'''

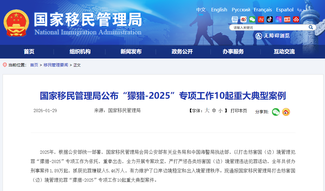 圖源:國家移民管理局網站截圖 據中國央視29日報道,10起重大典型案件當中,“12·26”案由廣西邊檢總站與自治區公安廳聯合偵辦,為境內外“蛇頭”勾結,組織中國公民經陸路及海上偷渡出境從事電詐、賭博等犯罪活動。該案已立刑事案件88起,打掉團夥12個,搗毀中轉窩點23處,斬斷偷渡通道5條,刑事處理200人。 另一起典型案件“3·11”案由雲南邊檢總站與廣東省公安廳聯合偵破,犯罪團夥組織毗鄰國家人員從雲南偷渡入境,並轉運至內地非法務工,甚至充當非法婚介安排“跨國婚姻”。目前該案已刑事打擊177人,行政查處188人,查處非法用工企業3家。 此外,“5·03”案中,江蘇、廣州、珠海多地協作,打掉一個偽造材料騙辦港澳簽註的團夥,凍結涉案資金超500萬元(人民幣,下同);“7·16”案則揭露金某等人招募人員經西南邊境偷渡赴境外從事電信詐騙,已刑事處理82人,凍結資金170餘萬元。 中國國家移民管理局強調,將持續深化國際執法合作,參與全球移民治理,打擊偷渡、證件造假、非法務工等跨境犯罪,同時保障中外人員安全有序流動,維護國家主權、安全與發展利益。(完) 【編輯:彭玉婷】
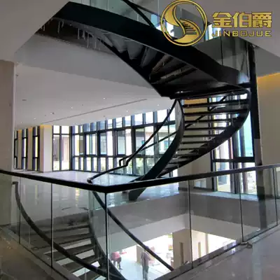 King Earl rotating staircase curved custom glass guardrail indoor double beam steel wood whole villa attic duplex
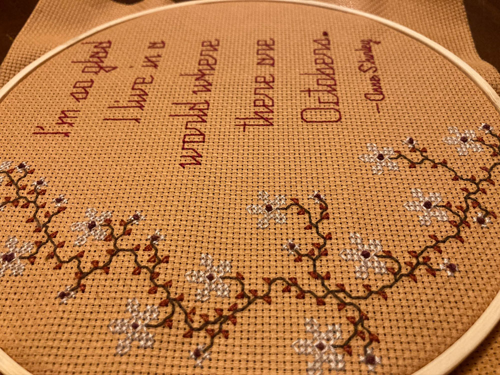 I have been more or less obsessed with Anne of Green Gables lately, whether in the form of Netflix's Anne with an E or listening to the first three AoGG audio books, or watching the spinoff series Road to Avonlea, so when I saw this photo on Pinterest I just HAD to use it as inspiration for a cross stitch project.
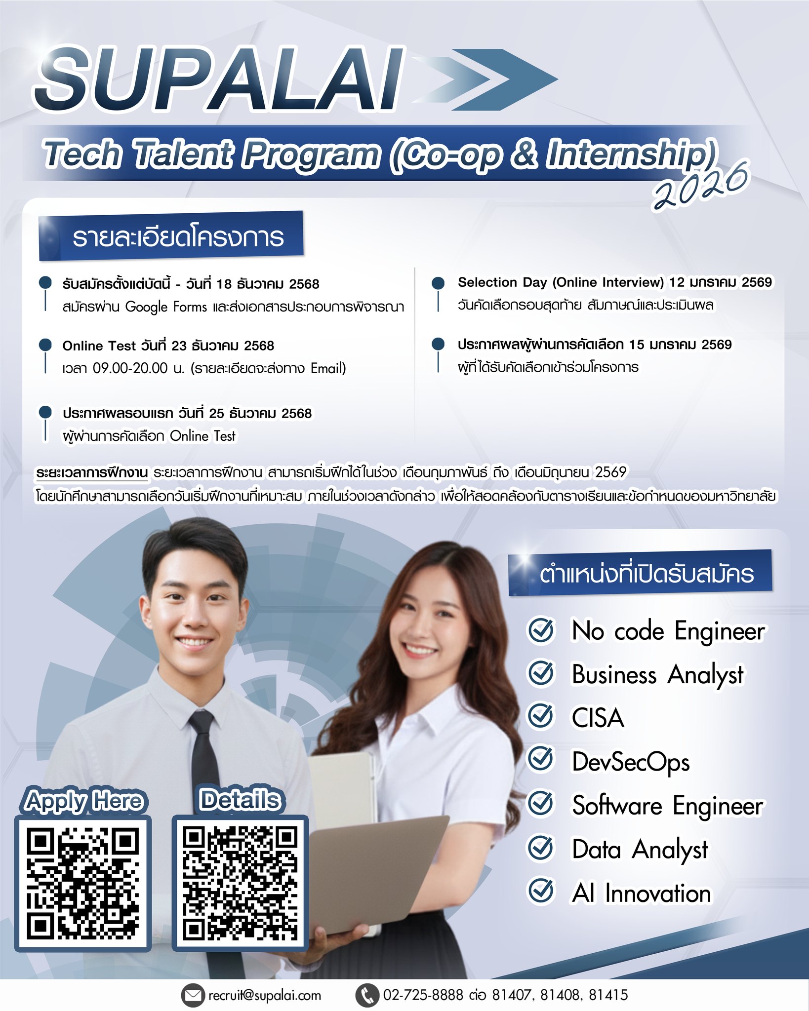 บริษัท ศุภาลัย จำกัด (มหาชน) ในฐานะผู้นำในธุรกิจอสังหาริมทรัพย์และมุ่งเน้นการขับเคลื่อนองค์กรด้วยนวัตกรรมและเทคโนโลยี (Tech-Driven Organization) มีความประสงค์ขอความอนุเคราะห์จากท่านเพื่อประชาสัมพันธ์ โครงการ SUPALAI Tech Talent Program 2026 (Co-op & Internship) เพื่อเปิดโอกาสให้นิสิตนักศึกษาผู้มีความสามารถด้านเทคโนโลยีได้เข้าร่วมฝึกประสบการณ์วิชาชีพกับทีมงานมืออาชีพของเรา ตามรายละเอียดดังนี้

'''

EXERCISE GOAL :: Where a line contains "King Earl rotating", begin there and set down exactly each line through the end of the data above, omitting any pictures.

EXERCISE OUTPUT ::
 King Earl rotating staircase curved custom glass guardrail indoor double beam steel wood whole villa attic duplex
 I have been more or less obsessed with Anne of Green Gables lately, whether in the form of Netflix's Anne with an E or listening to the first three AoGG audio books, or watching the spinoff series Road to Avonlea, so when I saw this photo on Pinterest I just HAD to use it as inspiration for a cross stitch project.
 บริษัท ศุภาลัย จำกัด (มหาชน) ในฐานะผู้นำในธุรกิจอสังหาริมทรัพย์และมุ่งเน้นการขับเคลื่อนองค์กรด้วยนวัตกรรมและเทคโนโลยี (Tech-Driven Organization) มีความประสงค์ขอความอนุเคราะห์จากท่านเพื่อประชาสัมพันธ์ โครงการ SUPALAI Tech Talent Program 2026 (Co-op & Internship) เพื่อเปิดโอกาสให้นิสิตนักศึกษาผู้มีความสามารถด้านเทคโนโลยีได้เข้าร่วมฝึกประสบการณ์วิชาชีพกับทีมงานมืออาชีพของเรา ตามรายละเอียดดังนี้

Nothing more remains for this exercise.